Par rate is the mortgage rate at which the loan is priced without discount points or lender credits at that moment.
Par rate is the mortgage rate at which the loan is priced without discount points or lender credits at that moment.
Par rate matters because borrowers often compare mortgage offers as if there is one single “true” rate. In practice, the lender can quote different versions of the rate depending on whether the borrower pays points, accepts credits, or changes the pricing structure.
It also matters because par rate provides a reference point. Once borrowers understand the baseline no-points, no-credits structure, they can make cleaner decisions about whether to shift cost upfront or over time.
Borrowers encounter par-rate concepts during quote comparison and pricing discussion, especially when the lender shows multiple rate and fee combinations.
The term becomes most useful when evaluating whether paying Discount Points or taking Lender Credits actually makes sense for the borrower’s time horizon.
A lender shows one rate with points, one rate with credits, and one middle option with neither.

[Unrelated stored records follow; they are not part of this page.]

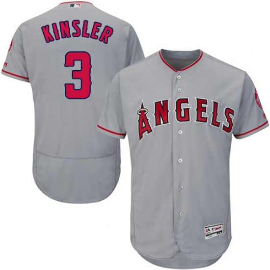 Men's Majestic Los Angeles Angels of Anaheim #3 Ian Kinsler Grey Road Flex Base Authentic Collection MLB Jersey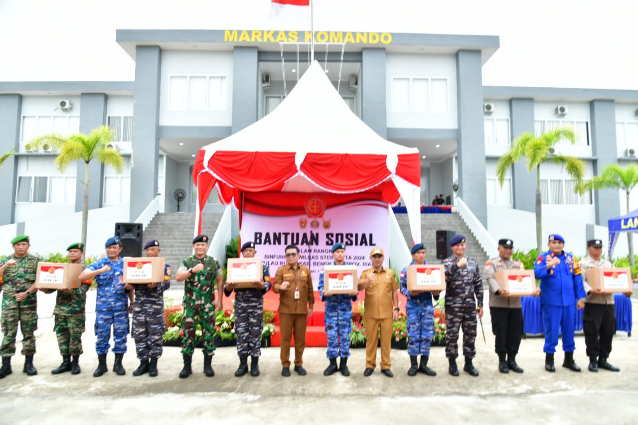 BENGKALIS, SuaraKepri.com – Bupati Bengkalis Kasmarni, diwakili Wakil Bupati H Bagus Santoso menghadiri seremonial Pelepasan serta Penyerahan Bantuan Sosial kepada Masyarakat Pulau Rupat, dalam program Pembinaan Fungsi Perbatasan Wilayah Nasional (Binfungtaswilnas) tahun 2024, oleh Aster Panglima TNI Mayjen TNI Novi Helmy Prasetya, S.I.P., M.I.P.,  diwakili Paban VI/Taswilnas Ster TNI Kolonel Laut (P) Arief Budiman, M.Tr.Opsla, di Halaman Mako Lanal Dumai, Selasa, 7 Mei 2024.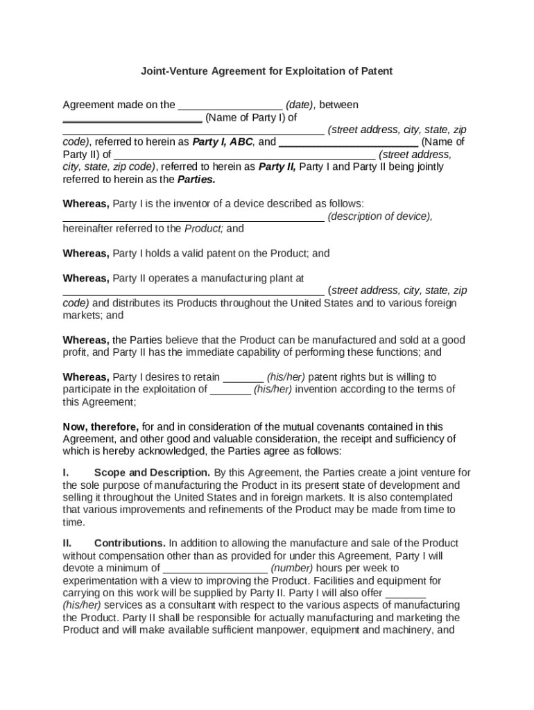 Comprehensive Guide to Joint-Venture Agreement for Exploitation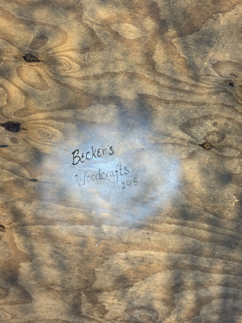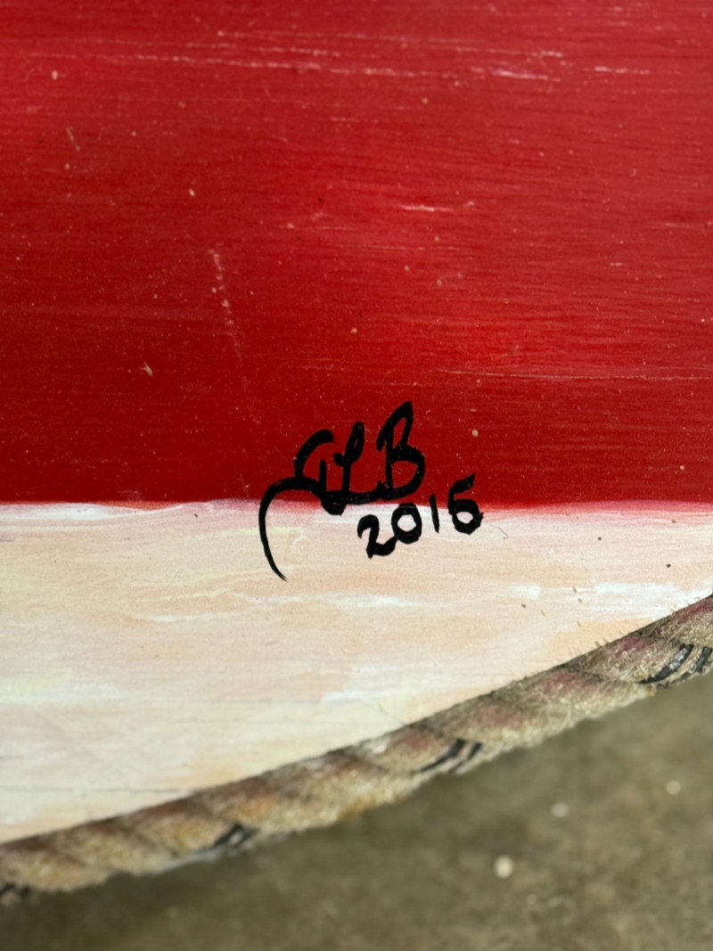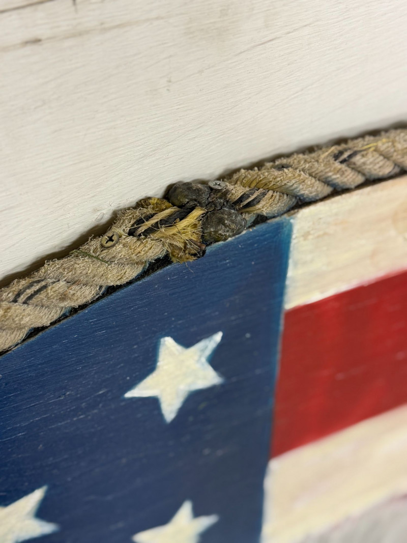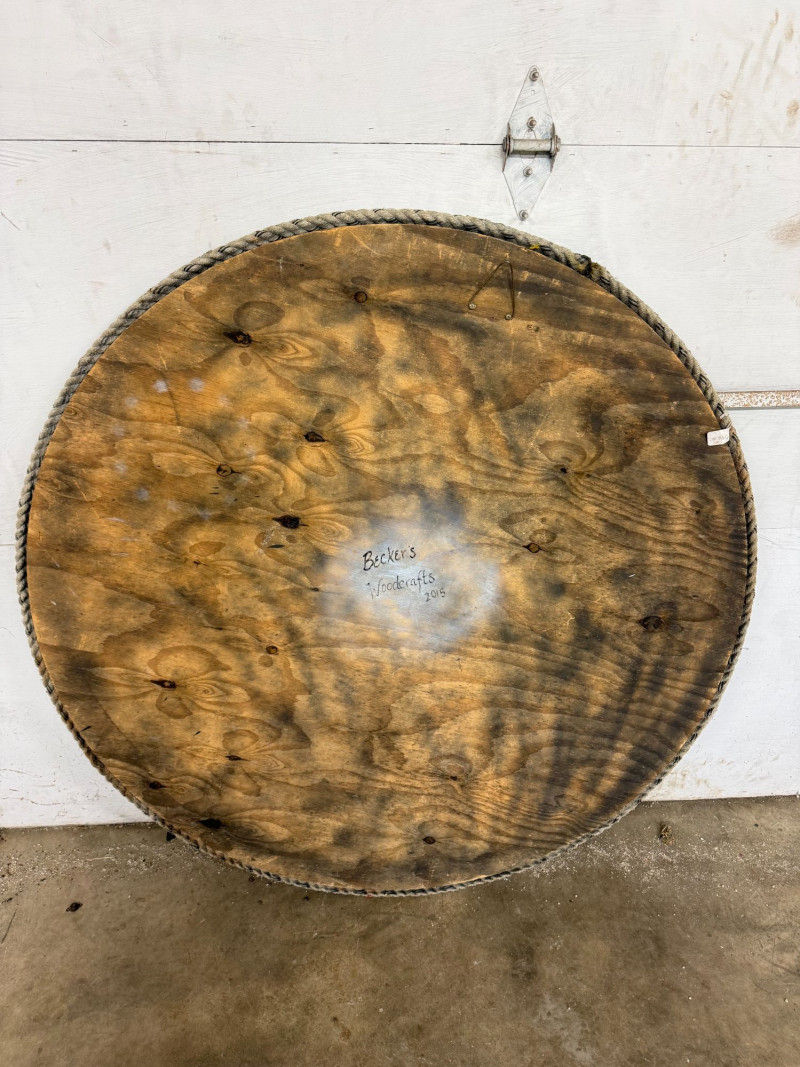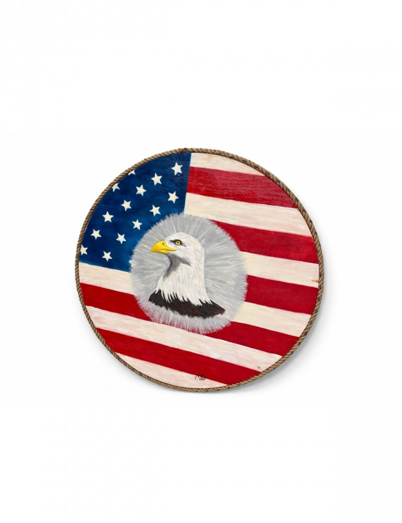 Large-scale hand-painted wooden wall art featuring a bold American flag with a detailed bald eagle centerpiece. This round piece makes a strong visual statement, especially at its oversized scale, and is framed with a rustic rope edge for added texture. Signed and dated “Becker’s Woodcrafts 2015” on the back, giving it a unique handmade, artisan quality. Ideal for patriotic décor, garages, man caves, cabins, or statement gallery walls. Condition: Approx Dimensions: Historical Note: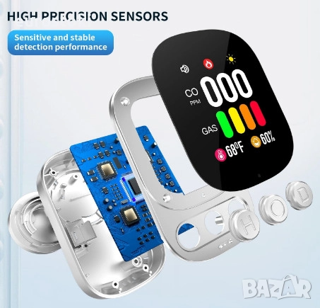 Висока производителност и дълъг експлоатационен живот. Детекторът за газ и CO използва принципа на електрохимична реакция и промяна на електрическото съпротивление на полупроводниците, за да открива въглероден оксид и горивни газове бързо и точно. Сензорите на това устройство имат висока производителност и дълъг експлоатационен живот от около 5 години.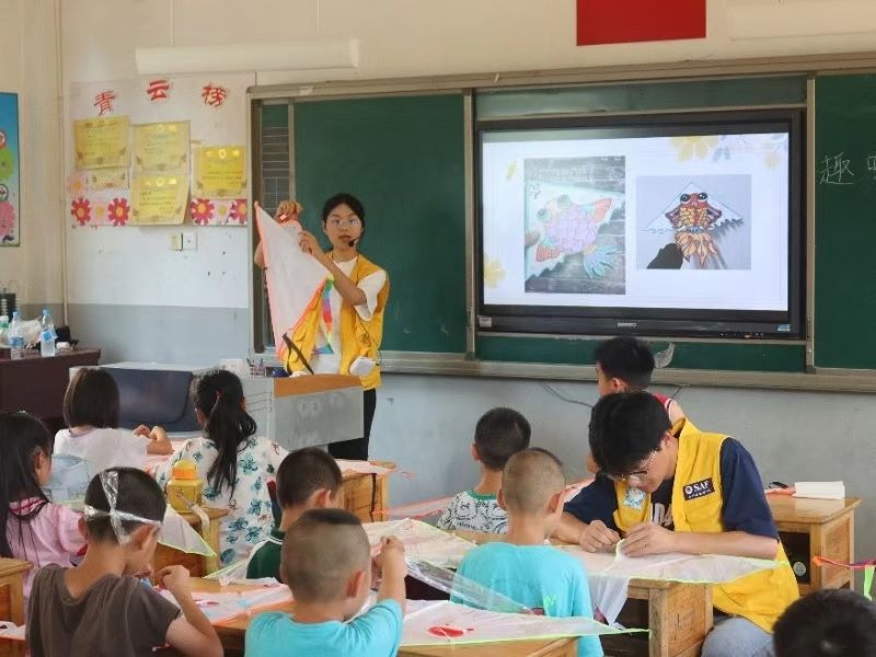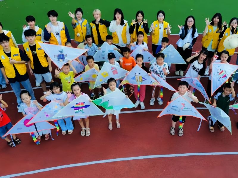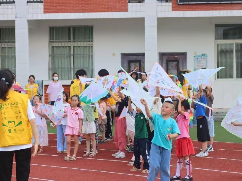 為了幫助小朋友們更好地發揮想象力和創造力,“助學助農興鄉村,譜寫泰寧新篇章”支教隊的老師們帶領著朱口鎮第一中心小學低年級的小朋友們順利完成了風箏的繪畫,并在體育課上放飛風箏,此次課程既提高了小朋友們的動手能力,又創新了體育課的教學形式。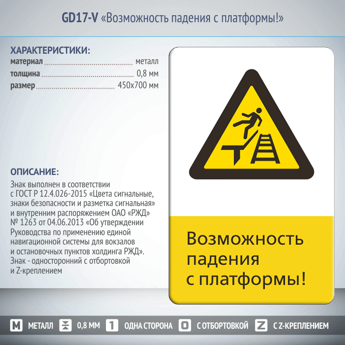 Знак «Возможность падения с платформы!», GD17-V (односторонний вертикальный, 450х700 мм, металл, с отбортовкой и Z-креплением) в Магнитогорске купить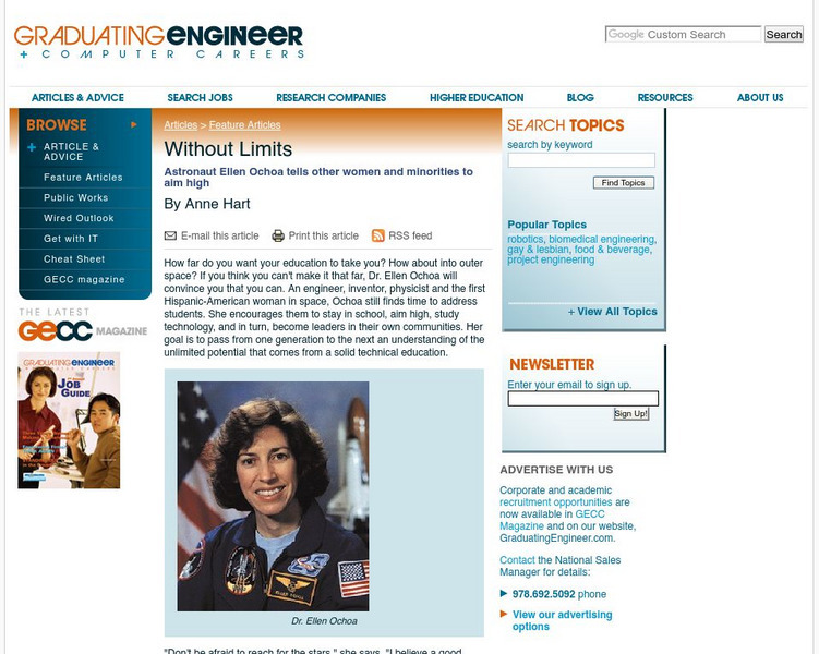 This article features an interview with astronaut Ellen Ochoa in which she discusses minority issues and encourages higher education. A lot of biographical information is also included.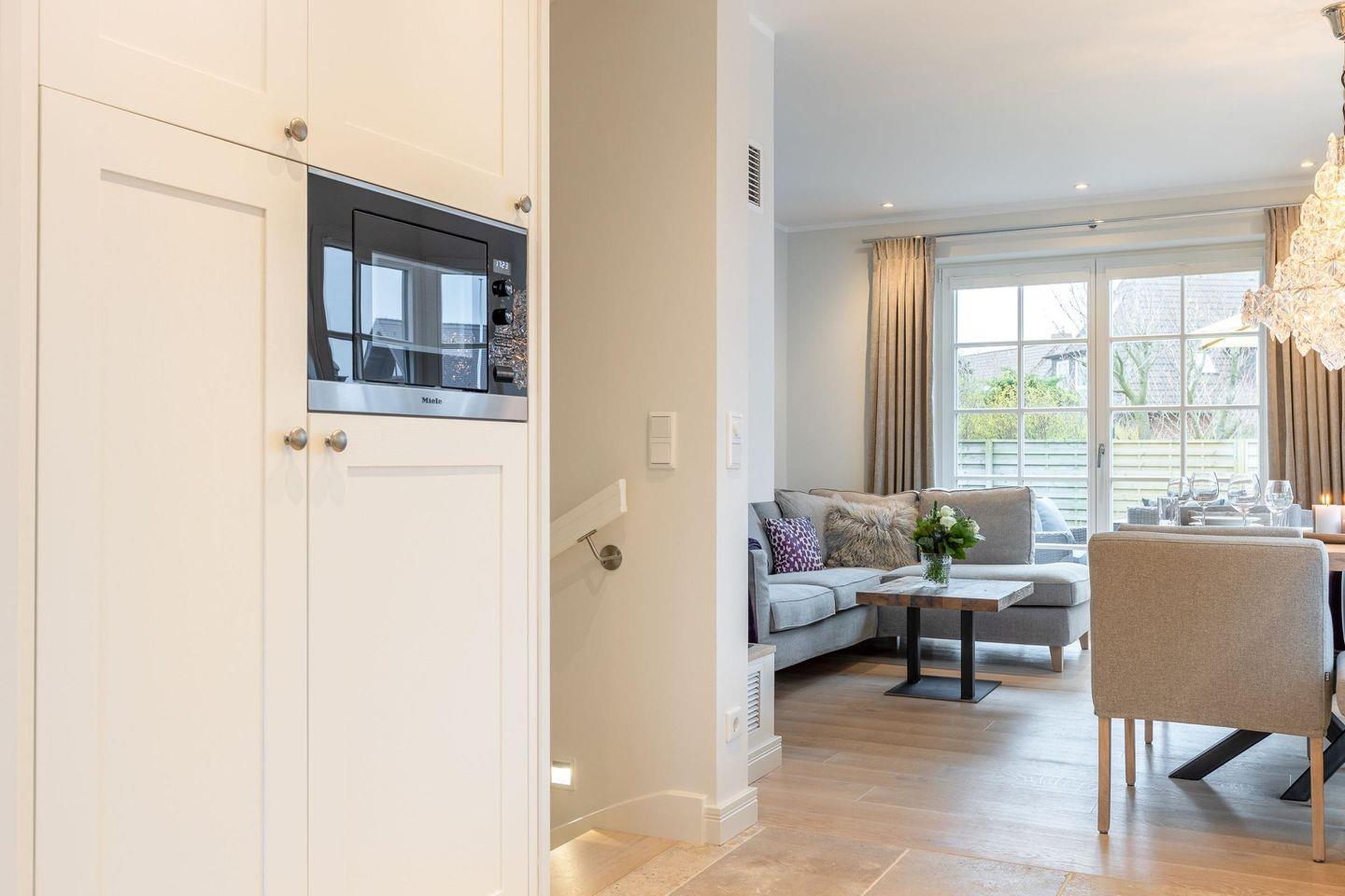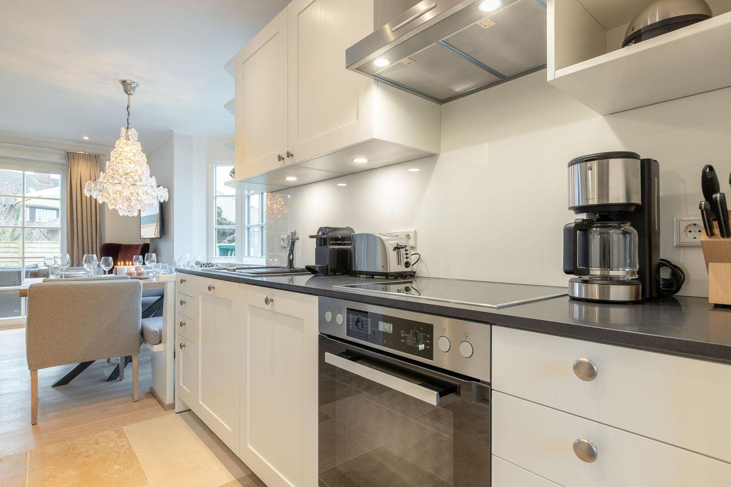 Die geräumige, offene Küche ist voll ausgestattet und bietet modernen Komfort mit Backofen, Mikrowelle, Cerankochfeld, Geschirrspüler, Nespresso- und Filterkaffeemaschine.

That middle option is the par-rate-style reference point for comparing the pricing choices.
Par rate differs from Note Rate because note rate is the actual rate written into the chosen mortgage note, while par rate is the no-points, no-credits benchmark used during pricing discussion.
It also differs from APR. APR is a broader cost metric influenced by fees and structure, while par rate is specifically about the quoted rate level associated with neutral pricing at a moment in time.